- What to work on
Give again, word for word, every line below from the one that has "月~金 3:45~夜10:15" through the one that has "Bongo da 7+9", both included, and no others.
===== Data shown
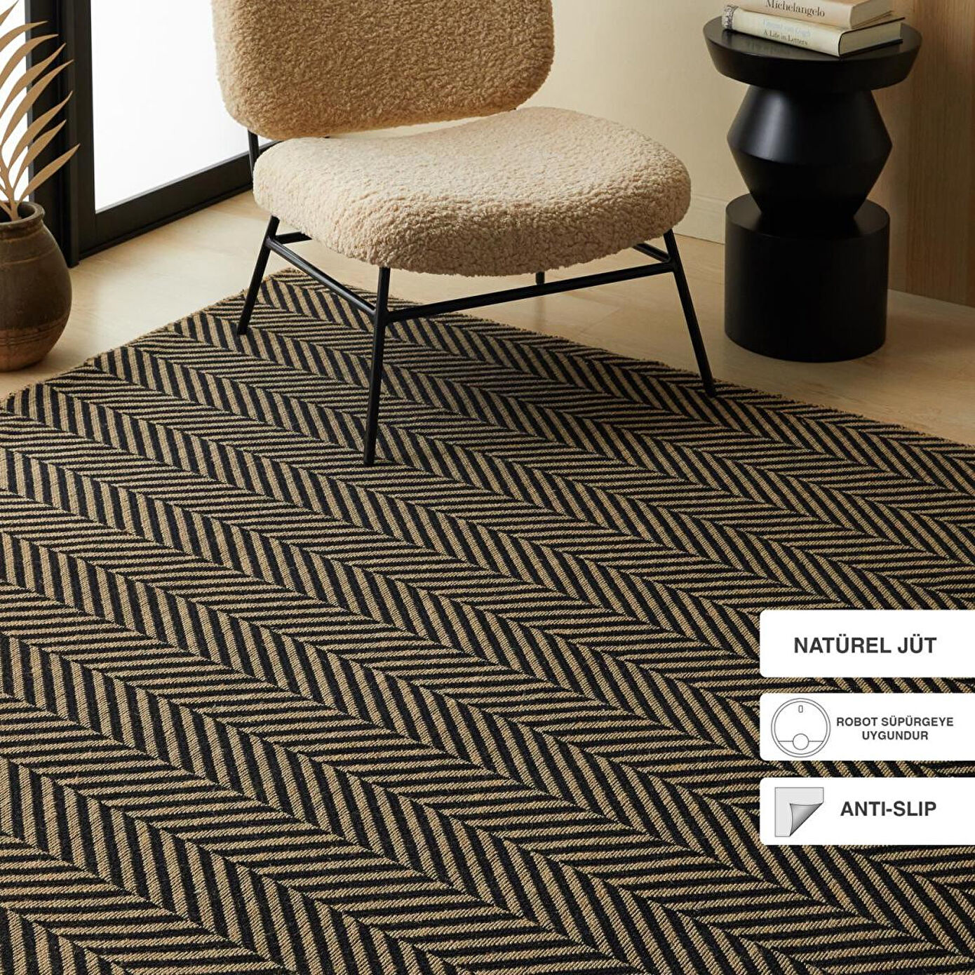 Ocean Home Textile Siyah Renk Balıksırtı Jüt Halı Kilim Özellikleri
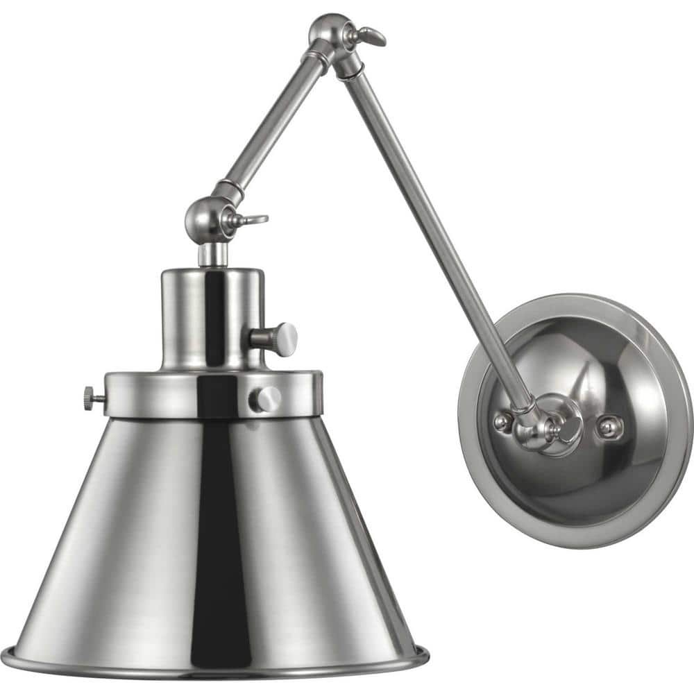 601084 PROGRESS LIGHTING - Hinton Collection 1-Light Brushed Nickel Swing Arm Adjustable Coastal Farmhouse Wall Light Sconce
==========
===== Data shown
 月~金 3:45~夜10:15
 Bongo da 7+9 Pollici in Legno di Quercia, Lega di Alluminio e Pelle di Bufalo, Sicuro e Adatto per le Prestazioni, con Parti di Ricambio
==========
===== Data shown
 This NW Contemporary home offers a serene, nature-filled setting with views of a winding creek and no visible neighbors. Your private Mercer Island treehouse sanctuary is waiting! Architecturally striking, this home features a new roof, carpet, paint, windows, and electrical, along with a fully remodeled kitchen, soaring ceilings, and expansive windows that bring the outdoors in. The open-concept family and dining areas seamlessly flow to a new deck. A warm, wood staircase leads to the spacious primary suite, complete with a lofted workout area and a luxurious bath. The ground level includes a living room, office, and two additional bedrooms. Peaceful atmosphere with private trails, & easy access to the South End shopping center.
==========
- The completed task
 月~金 3:45~夜10:15
 Bongo da 7+9 Pollici in Legno di Quercia, Lega di Alluminio e Pelle di Bufalo, Sicuro e Adatto per le Prestazioni, con Parti di Ricambio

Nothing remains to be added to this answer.